Screw Compressor Troubleshooting: High Discharge Temperature

1. Description of the Problem and Scope of Application

This manual is intended for systematic diagnosis and troubleshooting of abnormally high discharge temperatures in oil-filled screw compressors. High discharge temperature is a critical indicator of potential component failure and can lead to significant equipment damage, unplanned downtime and reduced operational efficiency. The manual covers diagnosing common causes such as low oil, coolant contamination, thermostatic valve failure, and adverse environmental conditions.

Equipment Types Covered:

Industrial rotary screw compressors with oil injection.

Classification of Severity:

Critical: The discharge temperature exceeds the set maximum threshold (eg +110°C) or an emergency shutdown is triggered. Requires immediate intervention.
Significant: Discharge temperature is consistently above normal (e.g. +95°C - +105°C) but below the emergency shutdown threshold. Indicates a progressive malfunction.
Minor: Discharge temperature is slightly higher than normal (for example, +90°C - +94°C). It can be a sign of deteriorating conditions or the initial stage of a problem.

Relevant Standards: EN ISO 12100 (Machine Safety), DSTU EN 1012-1 (Compressors and Vacuum Pumps - Safety Requirements), EN ISO 14001 (Environmental Management Systems).

2. Precautions

WARNING! Before performing any diagnostic or repair work on the compressor, the following critical safety precautions must be taken to prevent personal injury and equipment damage:

LOCKOUT/TAGOUT (LOTO): Always turn off and lock out power to the compressor. Ensure that all energy sources (electrical, pneumatic) are isolated and tagged according to your facility's LOTO procedures.

RELIEF OF PRESSURE: Completely depressurize all parts of the compressed air system. Open the drain valves and ensure that the system is atmospherically vented.

HOT SURFACES: Compressor equipment can be very hot during operation and after shutdown. Allow it to cool down to a safe temperature (+40°C or below) before touching any components.

ROTATING PARTS: Always beware of rotating parts such as fans and couplings. Never operate the equipment until all rotating parts have come to a complete stop.

STORED ENERGY: Be careful with springs, pressure accumulators, and other components that can release stored energy.

PERSONAL PROTECTIVE EQUIPMENT (PPE): Use appropriate PPE, including safety glasses, heat resistant gloves, protective clothing and protective footwear.

CHEMICAL SAFETY: When working with compressor oil or cleaning agents, follow the Material Safety Data Sheet (MSDS) recommendations.

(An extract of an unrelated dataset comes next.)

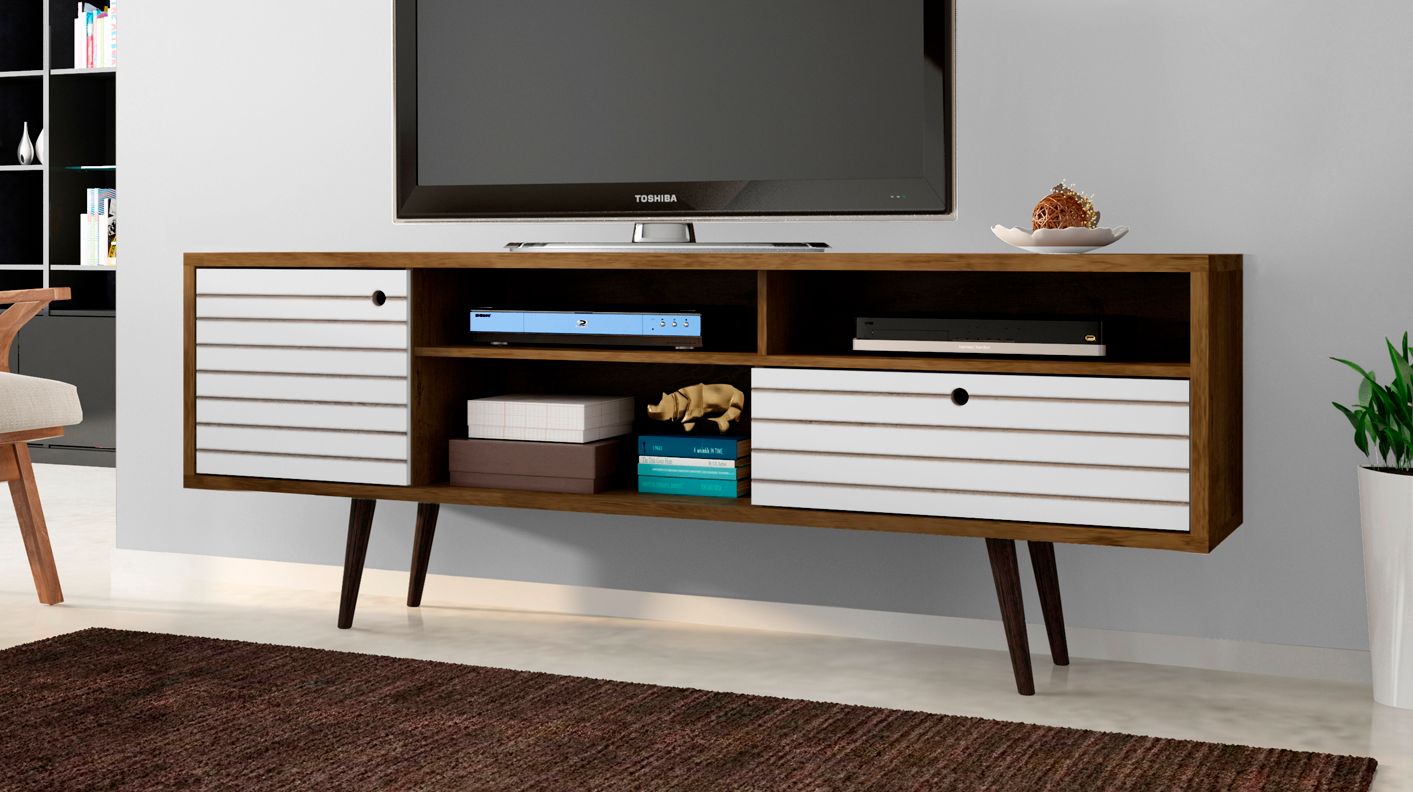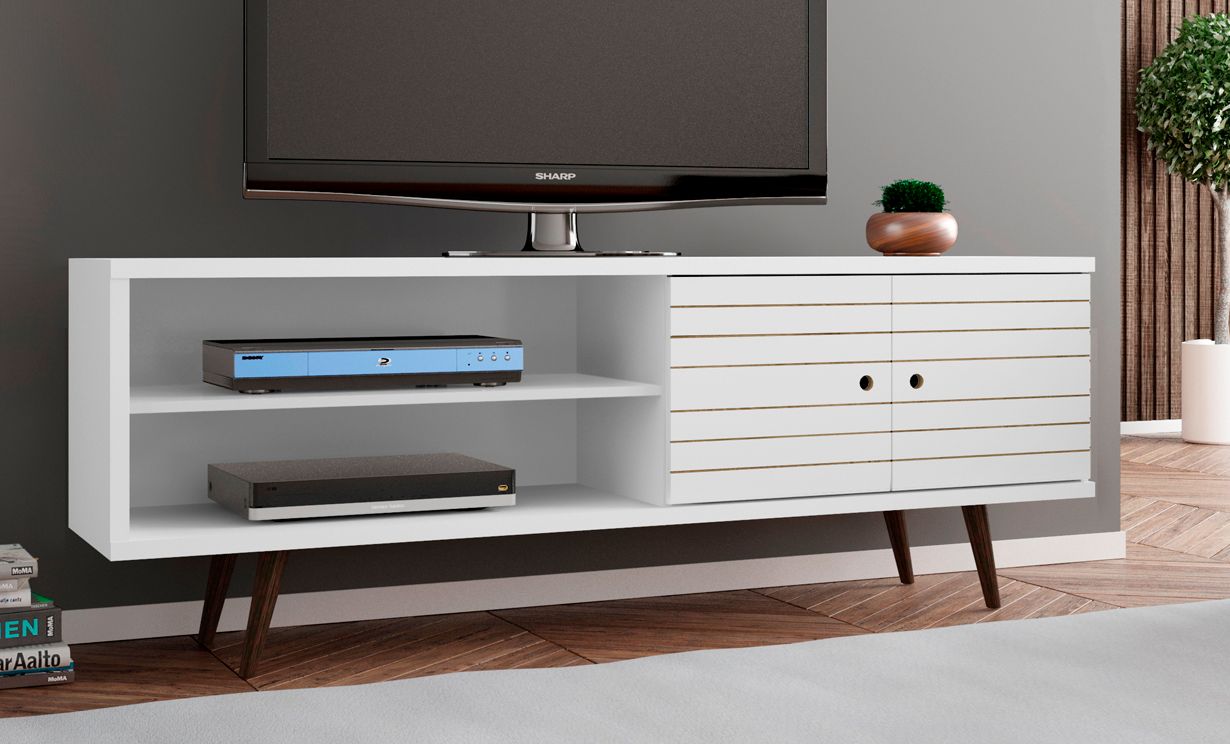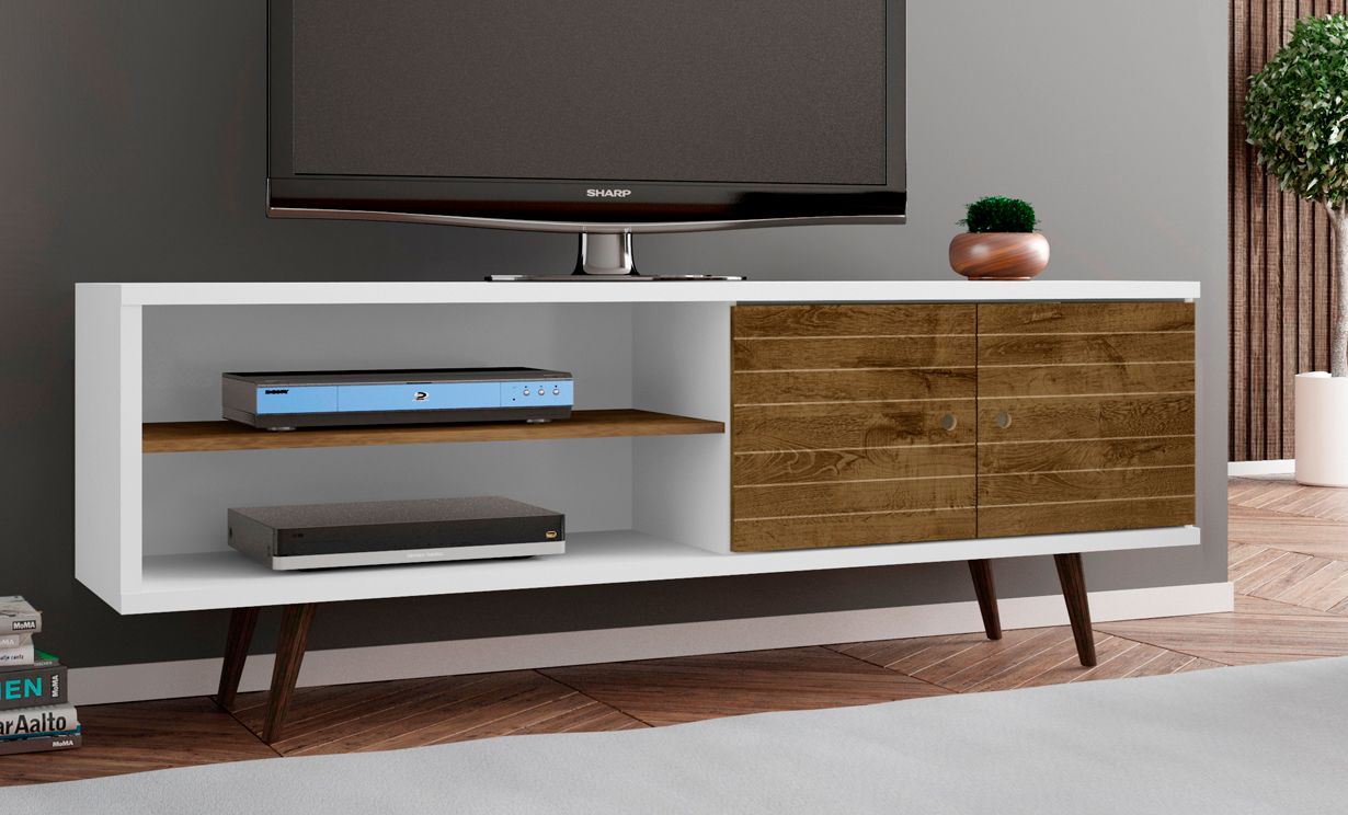 Liberty 63" Wide White and Wood 2-Door Modern TV Stand

3. Necessary Diagnostic Tools

The following tools are required for accurate diagnosis of high injection temperature:

Name of the Tool	Specification / Model	Range of Measurements	Purpose
Infrared Thermometer	Pyrometer with laser sight (e.g. Fluke 62 MAX+)	from -30°C to +500°C; Accuracy ±1.0°C	Non-contact temperature measurement of surfaces (pipelines, cooler, compressor housing).
Multimeter	Digital True-RMS (eg Fluke 115)	Voltage: 0-600 V AC/DC; Resistance: 0-40 MΩ; Current: 0-10 A	Checking the power supply, the resistance of sensors/valves, the operation of the electric fan motor.
Contact Thermometer	K-type thermocouple with hand-held meter (e.g. Testo 905-T2)	from -50°C to +1000°C; Accuracy ±0.5°C	Accurate measurement of fluid/gas temperature at control points (e.g. oil temperature at cooler inlet/outlet).
Manometers	Analogue or digital (e.g. WIKA CPH6200)	Range 0-16 bar (for air); 0-10 bar (for oil)	Measurement of charge air pressure, oil pressure.
Visual Endoscope	Flexible video endoscope (e.g. PCE-VE 320N)	The length of the probe is up to 5 m, the diameter is 8 mm	Inspection of internal cavities of the compressor, fan blades, contamination of the cooler.
Air flow meter	Anemometer (e.g. Testo 417)	0.3 to 20 m/s	Measuring the air flow rate through the cooler or vents.

4. Initial Evaluation Checklist

Before starting a detailed diagnosis, you should conduct an initial examination and collect information:

Control Point	What to Observe / Record	Purpose
Ambient Temperature	Current temperature in the compressor room (°C).	Assessment of the load on the cooling system.
Ventilation of the premises	Is there sufficient fresh air flow? Is the hot air being removed effectively?	Detection of possible recirculation of hot air.
Compressor Oil Level	Visual inspection through the sight glass or with the help of a dipstick.	A low oil level is a common cause of overheating.
History of Accidents / Messages	Checking the compressor control panel for error codes or warnings.	Providing hints about previous or current malfunctions.
Pumping pressure	Current working pressure (bar).	Excessive pressure increases heat generation.
Compressor Operation Time	Total operating time and operating time under load.	Assessment of the general condition and performance of components.
Cooler Status (External)	Візуальний огляд на наявність пилу, бруду, сміття на ребрах.	External pollution reduces the efficiency of heat exchange.
Compressor Operation Mode	Constant load, frequent loading/unloading cycles.	The operating mode affects the thermal mode.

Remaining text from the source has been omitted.